DeepSeekMath‑V2 Wins Gold at IMO 2025, Tops China Math Olympiad
When I first saw the headline about an AI winning gold at the International Mathematical Olympiad 2025, I thought it was a one-off stunt. Turns out DeepSeekMath-V2, the newest model from DeepSeek, has been popping up in places I didn’t expect. It not only swept the IMO roster, but it also took the top spot in the China Mathematical Olympiad - a test most Chinese teachers call the toughest pre-university exam.
And then there’s the Putnam 2024 results: the model posted scores that are almost perfect, a contest that usually separates the very best undergrads from the rest. Those three achievements span high-school, national, and college levels, which makes it hard to argue the system is just a narrow trick. Maybe the model is learning something deeper about math, or perhaps the problems are becoming more amenable to pattern-based approaches - it’s still unclear.
Still, seeing a single AI perform so well across such different challenges feels… unsettling, and worth keeping an eye on.
Besides the IMO 2025 competition, DeepSeekMath-V2 also achieved top-tier performance on China's toughest national competition, the China Mathematical Olympiad (CMO), and posted near-perfect results on the undergraduate Putnam exam. "On Putnam 2024, the preeminent undergraduate mathematics competition, our model solved 11 of 12 problems completely and the remaining problem with minor errors, scoring 118/120 and surpassing the highest human score of 90," stated DeepSeek. DeepSeek argues that recent AI models excel at getting the right answers (in math benchmarks like AIME and HMMT) but often lack sound reasoning. "Many mathematical tasks like theorem proving require rigorous step-by-step derivation rather than numerical answers, making final answer rewards inapplicable." To address this, DeepSeek emphasises the need for models that can judge and refine their own reasoning.
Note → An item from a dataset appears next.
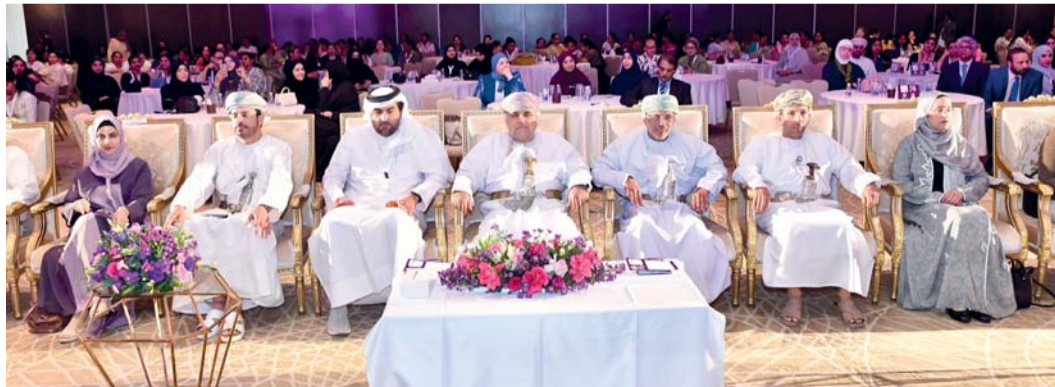
المؤتمر يهدف إلى تقديم أحدث ما توصل إليه العلم في مجال علاجات الأورام

التأكيد على الدور المتقدم لكل من العلاج المناعي والعلاج الموجه في تحسين نتائج علاج أورام الرئة والثدي، إلى جانب عدد من الأورام ويسعى الحفل لتقديم عرض على الفحوصات الجينية المتقدمة (NGS) في تحديد الإنذار المرضي واختيار العلاج الأنسب لكل حالة. وأوصى المؤتمر على أهمية الاستمرار في دعم البحث العلمي وتعزيز أوجه التعاون الدولي، بما يسهم في تحسين جودة الرعاية الصحية ورفع معدلات الشفاء لدى مرضى الأورام.

DeepSeekMath-V2 appears to have taken on some of the toughest Olympiad problems. The lab’s report lists gold-level scores at IMO 2025 - five out of six questions solved - and mentions top-tier results on the China Mathematical Olympiad plus near-perfect marks on the 2024 Putnam. Those numbers hint at a jump in theorem-proving for an open-weight model, but the paper is silent on how the tests were run and gives no breakdown of the one IMO problem the model missed.
Clement Delangue of Hugging Face called the idea of “owning the brain of one of the best mathematicians…for free” exciting, yet he offers no technical evidence. The write-up also stops short of putting the system side-by-side with human contestants beyond the headline figures. So, while the scores look impressive, it’s still unclear whether the model will handle a wider range of mathematical reasoning.
We’ll probably need independent benchmarks to see if DeepSeekMath-V2’s performance is a lasting step forward or just a narrow win on a few contests.
Common Questions Answered
What gold‑level achievement did DeepSeekMath‑V2 obtain at IMO 2025?
DeepSeekMath‑V2 earned a gold medal at the International Mathematical Olympiad 2025 by correctly solving five of the six competition problems. This performance placed the model among the top human participants and demonstrated its advanced theorem‑proving capabilities.
How did DeepSeekMath‑V2 perform on the China Mathematical Olympiad (CMO)?
The model topped the China Mathematical Olympiad, which is widely regarded as the nation’s toughest pre‑university mathematics contest. Its victory indicates that DeepSeekMath‑V2 can handle the most challenging national-level problems in addition to international ones.
What score did DeepSeekMath‑V2 achieve on the Putnam 2024 exam and how does it compare to the highest human score?
DeepSeekMath‑V2 scored 118 out of 120 on the 2024 Putnam exam, solving 11 of the 12 problems completely and making only minor errors on the last one. This result surpasses the highest recorded human score of 90, highlighting a substantial performance gap between the model and top undergraduate competitors.
What limitations or missing details are noted about DeepSeekMath‑V2’s reported results?
The announcement does not provide details on the evaluation methodology used for the IMO, CMO, or Putnam results, leaving the exact testing conditions unclear. Additionally, the model’s performance on the single unsolved IMO problem was not disclosed, which limits a full assessment of its capabilities.